Since knowing my Australia plans, he'd spent about 6mths gathering finances and documents to apply for a Working Holiday Visa. [Now, the requirements for Thai nationals to get a WHV are quite baffling (considering how I'd applied for one in the UK myself before) - they actually have to ballot for a place, go through a face to face interview with the Thai ministry, before being eligible to apply to Australia government!]
Anyway, long story short: he didn't get the WHV when balloting opened in July. We were crushed. Months spent researching de facto visa, student visas, etc and finding that marriage is the easiest and/or least costly option (at least in the short term).
I was/am reluctant to fast-forward our relationship and get married for visa reasons, though we are truly in love.

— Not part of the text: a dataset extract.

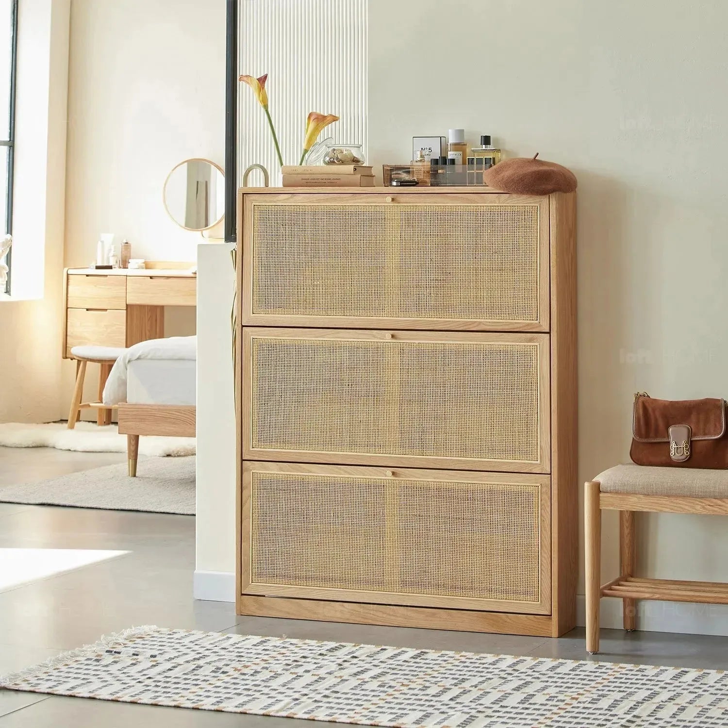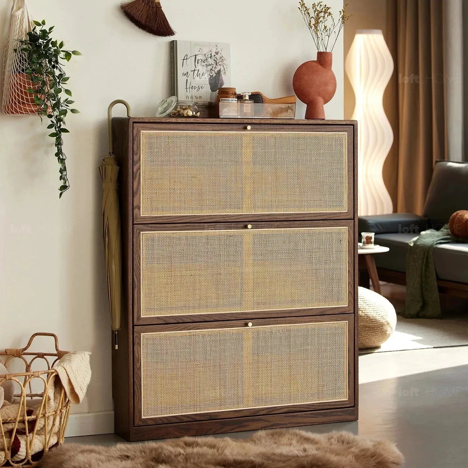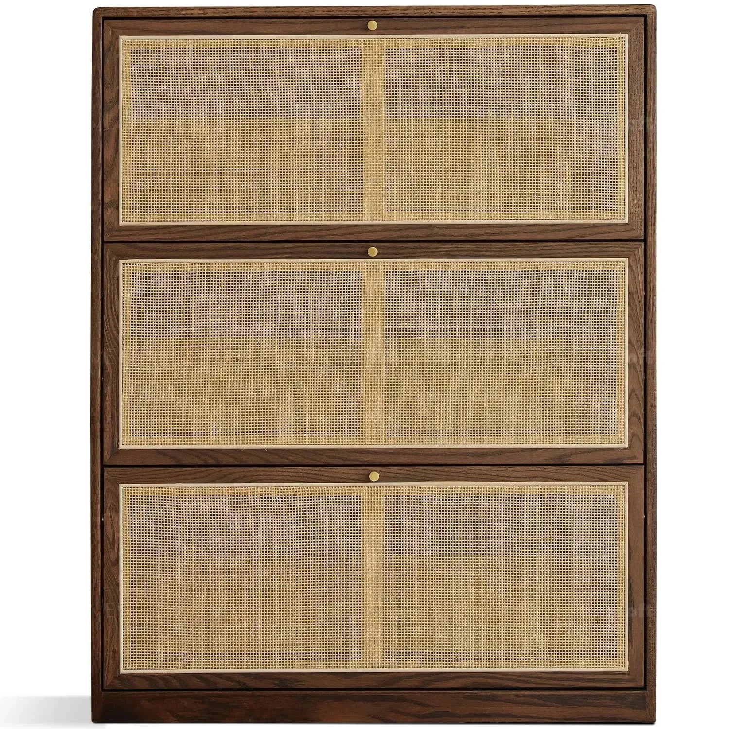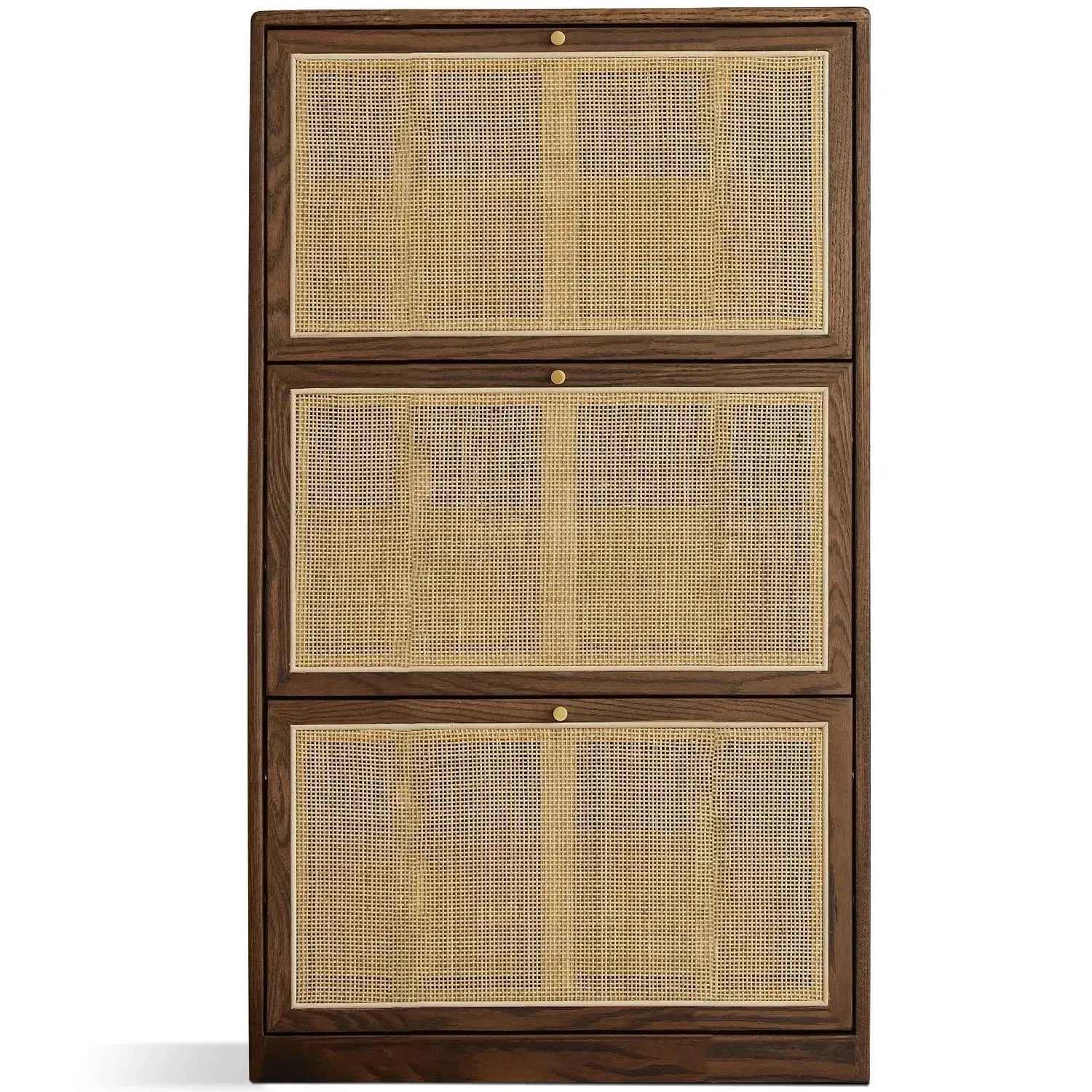 Elevate your everyday routine with a touch of elegance and practicality. This shoe cabinet is designed to fit perfectly in narrow spaces, while its rattan cabinet doors provide a breathable environment for your shoes, making your entryway exceptionally fresh and organized. Available in two finishes, natural and walnut, it is the perfect addition to any home that combines style and functionality.

But things being the way they are, I think I would have to do that.
I have no doubt about our compatibility but I feel I need more information about potential financial repercussions for they may affect the new marriage.
1.	I will be struggling to make ends meet myself as an international student. How likely is it for me to find part-time jobs? I have 10 years of working experience in NGOs and corporations, mainly as an editor (book editor, and web editor). I have done translation into Chinese for 2 years. Note: I'm willing to take up hospitality and retail jobs.

2.	How likely is it for him to find full-time contract work (he would be able to work unlimited hours)?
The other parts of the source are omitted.